Length: 1:12:43. A written transcript is available.
For more information about the origins of this interview, where it is housed, contact information, suggestions regarding future interviewee candidates, and how to become volunteer interviewer, see the Media Fandom Oral History Project page.
Some Topics Discussed
- Star Trek: TOS as her introduction to fandom
- Jacqueline Lichtenberg was who encouraged Roy to write fanfic
- Roy's comments on Kraith, Lichtenberg's shared universe
- "Bone's Vision" is a fic Roy remembers as her first published fanwork (it appears in Kraith Collected #6) (however, Kirk's Challenge by Roy precedes this fic)
- the effect of Star Wars on fandom, the schisms regarding The Church of Ford
- Roy's views on slash, the emotionalism embedded in the topic
- the Star Trek movies on the big screen, which Roy regards as an alternate universe and not really canon
- the pace of fandom today: immediate feedback and communication as opposed to the long waits for phone calls and letters in the mail
- working with Paula Smith
- comments on Mary Sues
- Brent Spiner's (Data) comments that he needed to be paid to be at a convention as it was a performance, Carrie Fisher's comments that being a guest at a convention was like giving a lap dance
- fandom today, it's pervasiveness in popular culture
- "I don’t think I have anything to be really proud of [in fandom]. Proud is you’re doing something good, something hard when all forces are arrayed against you. Fandom was just a party. I’m glad that I didn’t get drunk and silly and step in the clam dip. That’s about it."
Excerpts
Well, obviously, by first watching Star Trek, which was the gateway drug for me, as for so many others. And it’s funny because I did not watch the first few episodes. I was in middle school, I think, at the time, because I was convinced that it was cheesy. I was only into “real science fiction,” and this was some type of space opera that was—they obviously didn’t have it right. And then I accidentally caught an episode early in the first season, where Kirk was leaving the gym or something, and unlocked his locker by using his thumb print, and I thought that was so cool because it was something that was just little, but real, a real in the future. And the funny thing was, is, that it was such an inconsequential scene that they cut it directly after the first airing, and I’ve never seen it again! (laughs)
[...]
Well, it took approximately two seconds of screen time so it was obviously an easy cut. And I watched it ever since. I wrote letters when it was canceled, got all the books that were published. The James Blish books—oh, I loved those! And, I went to the conventions where I found fanzines. Fanzines. Oh my. They were wonderful.

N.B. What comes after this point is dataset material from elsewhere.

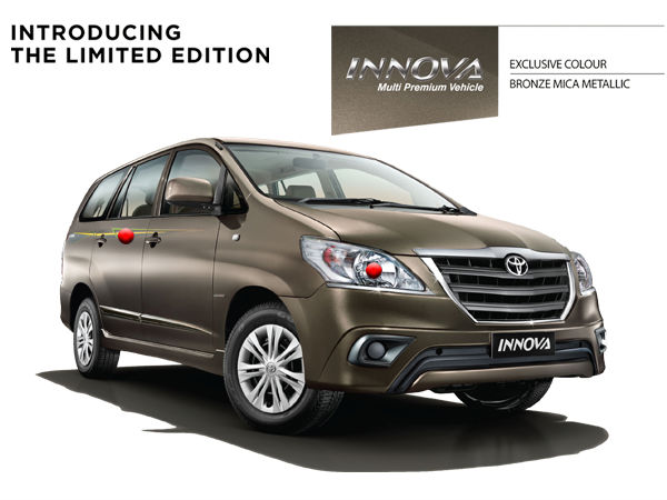 ప్రస్తుత పండుగ సీజన్ను పురస్కరించుకొని మరియు ఎమ్పివి (మల్టీ పర్సస్ వెహికల్) సెగ్మంట్లో పెరుగుతున్న పోటీని సమర్థవంతంగా ఎదుర్కునేందుకు గాను ఈ సెగ్మెంట్ లీడర్గా టొయోటా, తమ బెస్ట్ సెల్లింగ్ ఇన్నోవా ఎమ్పివిలో ఓ కొత్త లిమిటెడ్ ఎడిషన్ను పరిచయం చేసింది. పరిమిత సంఖ్యలో మాత్రం లభ్యం కానున్న ఈ 2014 టొయోటా ఇన్నోవా లిమిటెడ్ ఎడిషన్ రెగ్యులర్ ఇన్నోవా వేరియంట్ల కన్నా మరింత ప్రీమియంగా అనిపిస్తుంది.

Jacqueline Lichtenberg had a very, very strong Kirk/Spock relationship going on, which was very interesting and very well-done, but I said, “Hey! I think that Spock and McCoy also have a very interesting relationship, and I wrote to her to say that, and she said, “Well, write it.” So I did. I think that was my first fiction. Well, probably not fiction; I’d been writing small pieces for myself or for school assignments, but my first piece of fan fiction that actually got published. Let’s put it that way.
[...]
Yeah, yeah. It’s basically all her fault [that I started writing fanfic].
[I was interested in Kraith because] it was the fact that she was doing a lot with telepathy and mind melds and with the technology of working with your mind in ways that no other science fiction expanding them into new and interesting dimensions. She was also working with politics, with politics of inclusion, politics of exclusion, of opening it up into a wider world, a more realistic world in many ways. In many ways, I could compare her to Marion Zimmer Bradley, with Darkover, in that she was using magic made into science, and she was using the real world extrapolated into the future. And she was using our people, that we knew and that we loved, being extraordinarily necessary to resolving the conflicts. So, it was catnip. I just loved it.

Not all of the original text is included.